A partial map of properties bought and sold by John Hantz, including those with blight tickets. Map by Nina Ignaczak. (Source: City of Detroit Open Data Portal)
Hantz set out with the goal of beautifying the neighborhood with urban farmland and offered renderings with wind turbines and neat rows of trees, yet some east side residents say he has fallen short on his promises and not faced the consequences that longtime residents often navigate.
One of those residents is Matthew “Jaye” Green, who wanted to buy his childhood home in East Village after his grandmother lost the home to property tax foreclosure in the early 2000s.
Green, named a “Detroit Hero” by the city for his work with youth, bought the house in 2019 from the Detroit Land Bank Authority with a vision of turning it into a much-needed community center with art, music, and sports programming.
But after failing to renovate the property according to the land bank’s purchase agreement timeline, Green might lose the house for a second time. Hantz meanwhile, also has failed to meet deadlines, but is working under a different set of standards, and hasn’t had to return any of his properties.
“It just feels privileged,” Green said, “he’s not even from the area.”
Special treatment
In 2012, Hantz, head of Hantz Group, a financial firm that manages $5.7 billion in assets, unveiled his vision for a tree farm across more than a thousand parcels of city land on the east side. He sought to beautify and restore pride in Detroit by reducing blight on properties that the city struggled to maintain. But to do this he wanted the city to sell him the land at a lower cost. So, when Detroit was on the precipice of bankruptcy, Hantz offered to buy 1,550 blighted parcels on the east side for just $540,000.
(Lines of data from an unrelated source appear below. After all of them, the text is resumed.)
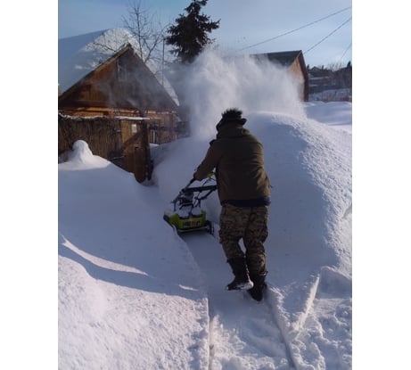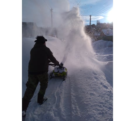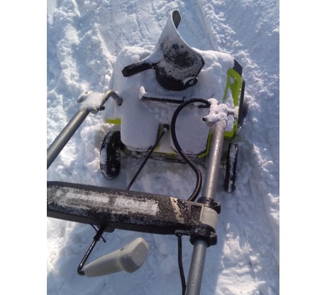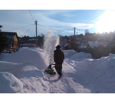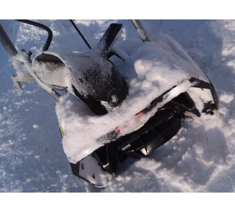 После чистки мокрого снега примерз рычаг поворота лотка. Плохо защищено место установки аккумулятора. При глубоком снеге приходится захватывать снег половинкой лопасти, тогда мощности хватает. Глубокий и слежавшийся снег не потянет. И конечно, этот агрегат не для мужских рук, запускной механизм очень нежный. Аккумуяторная косилка Ryobl c таким же запуском сломалась сразу же, попав в мужские руки.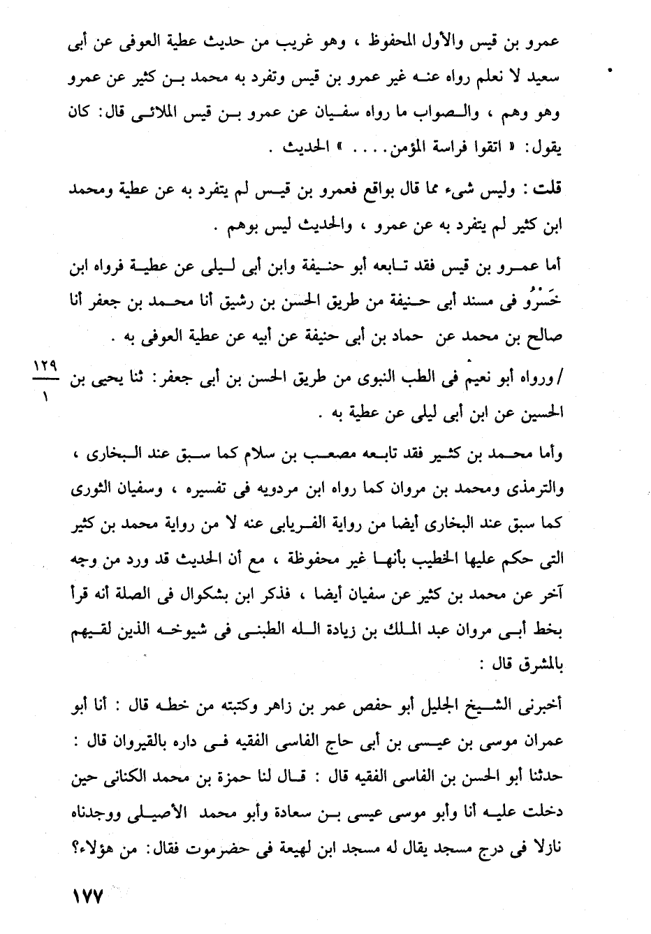 عمرو بن قيس والأول المحفوظ، وهو غريب من حديث عطية العوفى عن أبي سعيد لا نعلم رواه عنه غير عمرو بن قيس وتفرد به محمد بن كثير عن عمرو وهو وهم، والصواب ما رواه سفيان عن عمرو بن قيس الملائى قال: كان يقول: "اتقوا فراسة المؤمن. . . " الحديث.
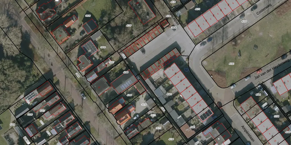 Het perceel waarop Ampèrelaan 2-M staat heeft een oppervlakte van 1399 m². Dit is een zeer groot perceel. De perceeloppervlakte wordt geregistreerd door het Kadaster. Gedetailleerde informatie over de maten van dit perceel kunt u vinden in het rapport Kadastrale kaart met maatvoering van Ampèrelaan 2-M.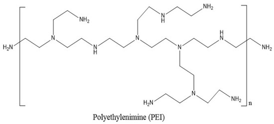 When the pH is low, the compound known as poly(ethylenimine) (PEI) is soluble in hot water, ethanol, and chloroform. The compound is impervious to the solubility of cold water, acetone, benzene, and ethyl ether. Branched PEI (BPEI) is a polymer with repeating units composed of ethylene diamine groups. Aziridine ring-opening polymerization led to the formation of BPEI. BPEI is a cationic polymer that contains primary, secondary, and tertiary amino groups (Figure 2). Such types of water-soluble polymers having a high density of amines are one of the most promising cationic vectors for gene delivery. Hence, constructing nanocarriers that contain PEI has attracted considerable research efforts in gene therapy because of the synergetic effects of PEI molecules (for their efficient transfection) and the multi-functionality of nanoparticles in delivery. BPEI can be prepared with a divergent synthesis method from an ethylenediamine core. Day by day, highly branched polymers have also attracted growing interest in various fields, especially in drug delivery, gene delivery, and diagnosis [43,44]. Major applications of BPEI include the stable combination with other positively charged particles, layer-by-layer construction of nanoparticle surfaces, binding to negatively charged substrates or larger particles, and colour engineering.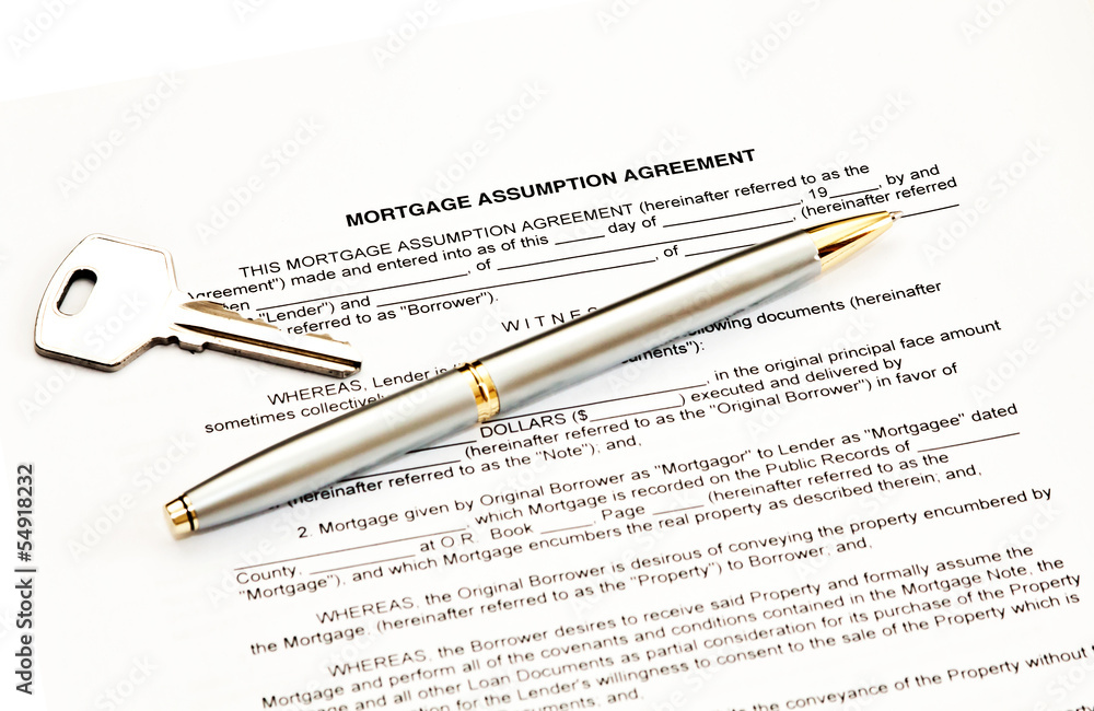 Fototapeta Mortgage assumption agreement with a pen for signature and a key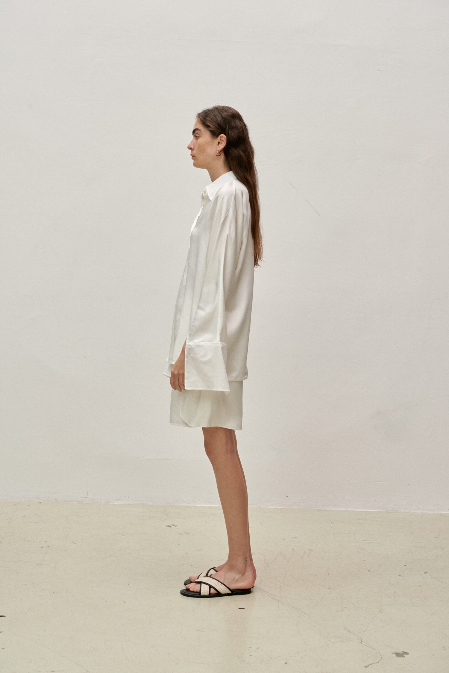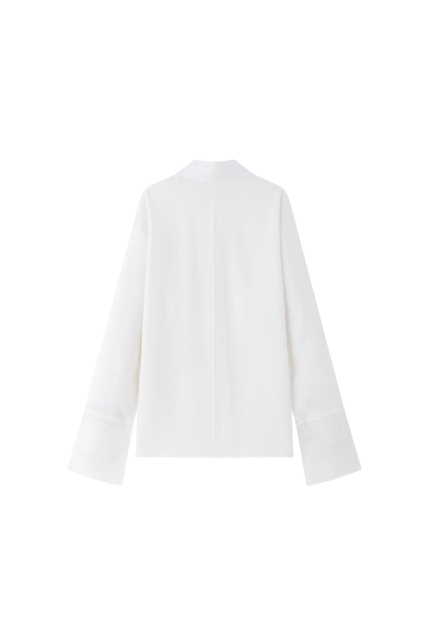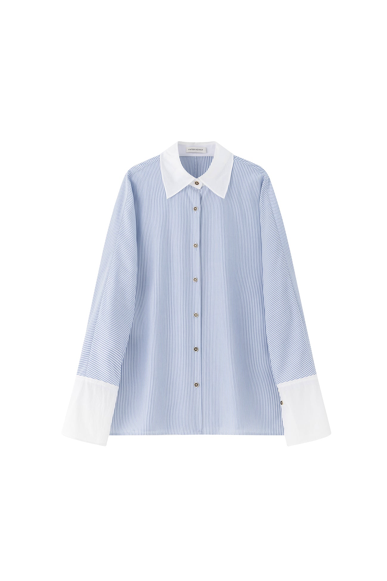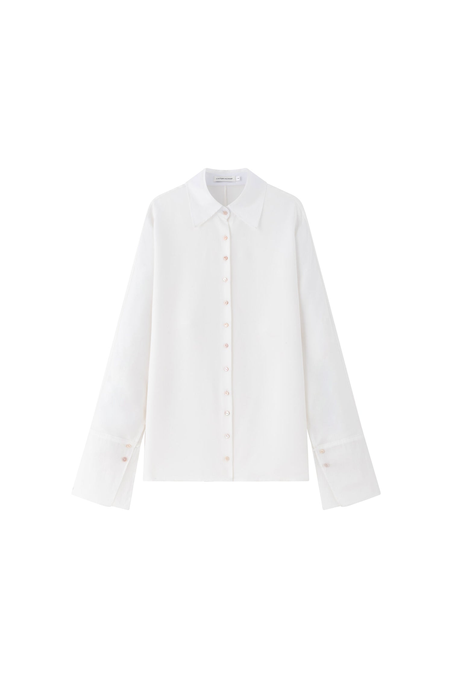 Flowy shirt with rounded cut cuffs. Poplin material in the cuff and collar that creates a great mix of effortless coolness. Small shell buttons and dropping shoulder in style. Oversized ...

Not everyone was on board with the proposal. The ask – originally for 10,000 acres – was debated for years, and evolved from an urban food farm to a tree farm. In 2012, a public hearing was held by the city council to consider Hantz’s proposal. The hearing was packed with residents in opposition to the sale, who argued it was a land grab and would lead to more broken promises from the city and developers. Some residents were upset that lots they tried to buy, and weren’t granted, would now be sold to Hantz. Detroit farmers at the forefront of the city’s renowned urban agriculture movement criticized the city for its unfair treatment of small farmers. Others worried about one of the largest speculative land sales in the city’s history being made with a white man in a majority Black city, and called for the land to instead be put into a community land trust.
The city council narrowly approved the sale in a 5-4 vote and in 2013, the project, Hantz Farms, or Hantz Woodlands, was greenlit by former Gov. Rick Snyder while Detroit was under emergency management.
In the ensuing years, Hantz cleaned up 2,000 parcels, demolished a number of abandoned structures, and with the help of volunteers, planted tens of thousands of trees. In 2016, ‘Land Grab’, a documentary partially funded by Hantz, detailed the controversy that made national headlines.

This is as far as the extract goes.